Zat Aditif dari Ban Kendaraan Telah Ditemukan dalam Makanan?

oleh -15 kali dilihat
Studi Ban Bekas Kini Dikembangkan Jadi Beton
Ban bekas-foto/Pixabay

Klikhijau.com – Januari lalu,  Universitas Exeter dan Universitas Plymouth melaporkan jika ban mobil telah membawa dampak buruk bagi lingkungan dan satwa liar (baca INI).

Temuan penelitian tersebut tentu saja mengkhawatirkan. Bagaimanapun, saat ini penggunaan ban semakin meningkat. Karena itu, dampaknya juga akan semakin besar.

Dampak buruk ban, tidak hanya merongrong satwa liar dan lingkungan sekitar. Lebih dari itu, sebuah studi terbaru yang diterbitkan dalam jurnal Frontiers in Environmental Science menemukan fakta baru dari dampak ban kendaraan.

Para peneliti telah menemukan adanya zat aditif pada ban kendaraan. Zat tersebut ditemukan pada tanaman berdaun yang ditanam untuk konsumsi manusia.

Studi tersebut menambah penelitian yang berkembang mengenai bagaimana ban kendaraan berpotensi mencemari lingkungan.

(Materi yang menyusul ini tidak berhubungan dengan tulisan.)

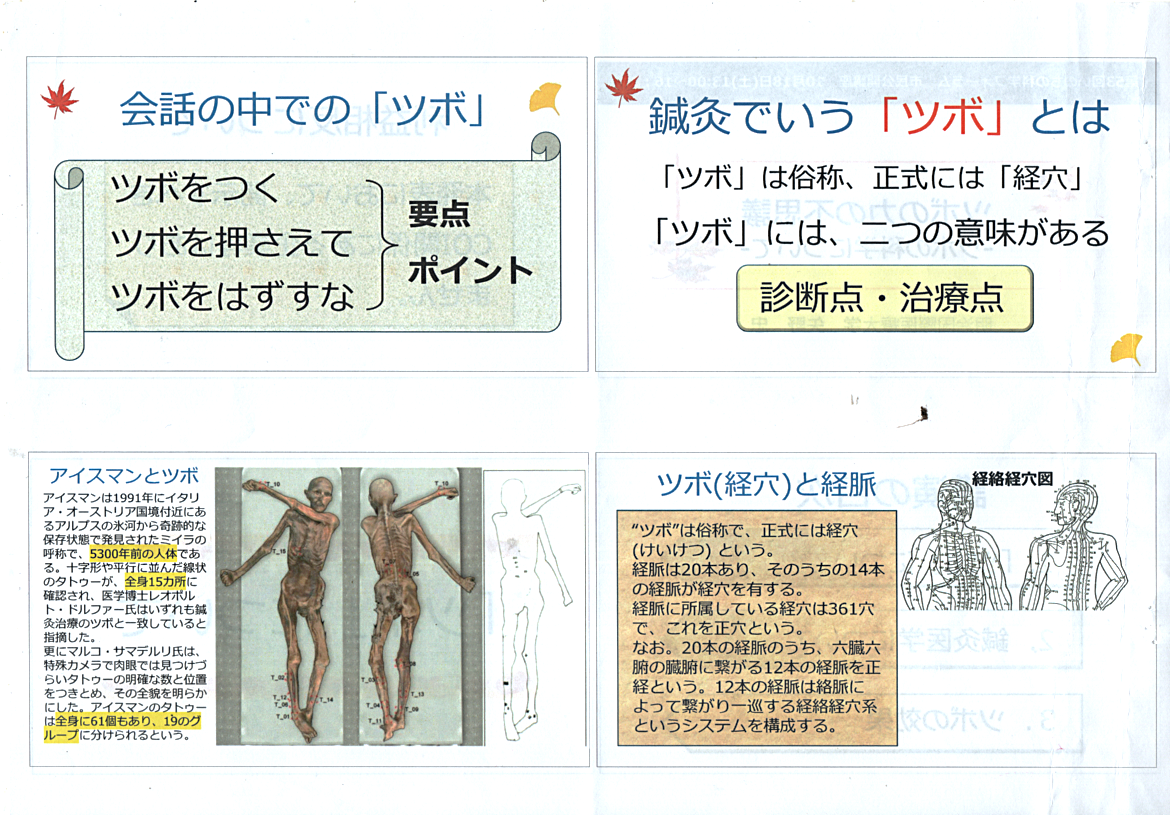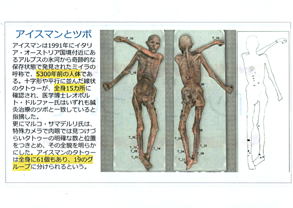 欧州の、5300年前の氷漬けで発見された男性(アイスマン)の身体には、15か所計63個の入れ墨があった。そのいずれもが鍼灸のツボに一致していた。

Analisis yang diterbitkan pada tahun 2022 menemukan bahwa ban mobil dapat menghasilkan polusi 2.000 kali lebih banyak dibandingkan knalpot kendaraan. Ban juga dapat melepaskan mikroplastik. Para peneliti telah meneliti berbagai bahan untuk digunakan pada ban, termasuk karet yang terbuat dari tanaman dandelion.

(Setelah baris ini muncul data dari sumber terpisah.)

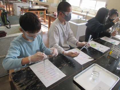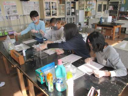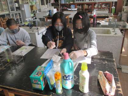 身のまわりにある水溶液の性質について、リトマス紙を使って調べました。洗剤類はアルカリ性のものが多いことや、酢やみかん等が酸性だったことに驚いていました。
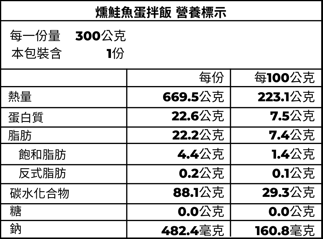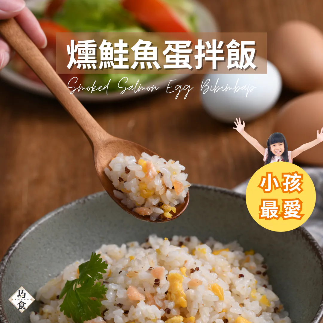 台灣冠軍越光米、紅藜麥、燻鮭魚(鮭魚、鹽、糖)、自煉豬油、台灣檢驗合格雞蛋、紅蔥頭、鹽、蒜
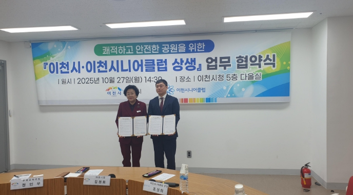 [메이저뉴스]이천시는 10월 27일 이천시니어클럽과 ‘쾌적하고 안전한 공원을 위한 상생 업무협약(MOU)’을 체결했다. 이번 협약은 공원 환경정화와 안전관리 강화를 위해 민관이 협력체계를 구축하고, 어르신의 사회참여와 일자리 확대를 지원하기 위해 추진됐다.
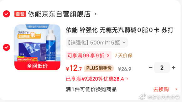 【京东】领黑五200-20券网页链接领49-20券网页链接依能 锌强化 无糖无汽弱碱0脂0卡 苏打水饮料 500ml*15瓶 拍2件 凑后每件【12.8】依能 锌强化 无糖无汽弱碱0脂0卡 苏打水饮料 500ml*15瓶 整箱装凑款网页链接

Penulis studi tersebut mengungkapkan, meskipun residu dari zat lain, seperti obat-obatan dan produk perawatan pribadi, telah terdeteksi sebelumnya, namun belum ada penyelidikan mengenai bagaimana polusi dari ban mobil dapat mempengaruhi makanan.

Para peneliti menguji 28 sampel sayuran berdaun komersial yang mereka kumpulkan di empat negara. Mereka menganalisis sampel untuk 16 jenis bahan kimia yang berasal dari ban menggunakan spektrometri massa resolusi tinggi.

Ban biasanya mengandung sekitar 5% hingga 15% bahan kimia tambahan untuk peningkatan kinerja. Jadi, meski ban kendaraan sebagian dibuat dari bahan alamidan karet.

Tidak hanya itu, ban kendaraan juga menggunakan bahan campuran, termasuk karet sintetis yang terbuat dari bahan bakar fosil dan bahan kimia untuk meningkatkan daya tahan, kinerja, dan keamanannya.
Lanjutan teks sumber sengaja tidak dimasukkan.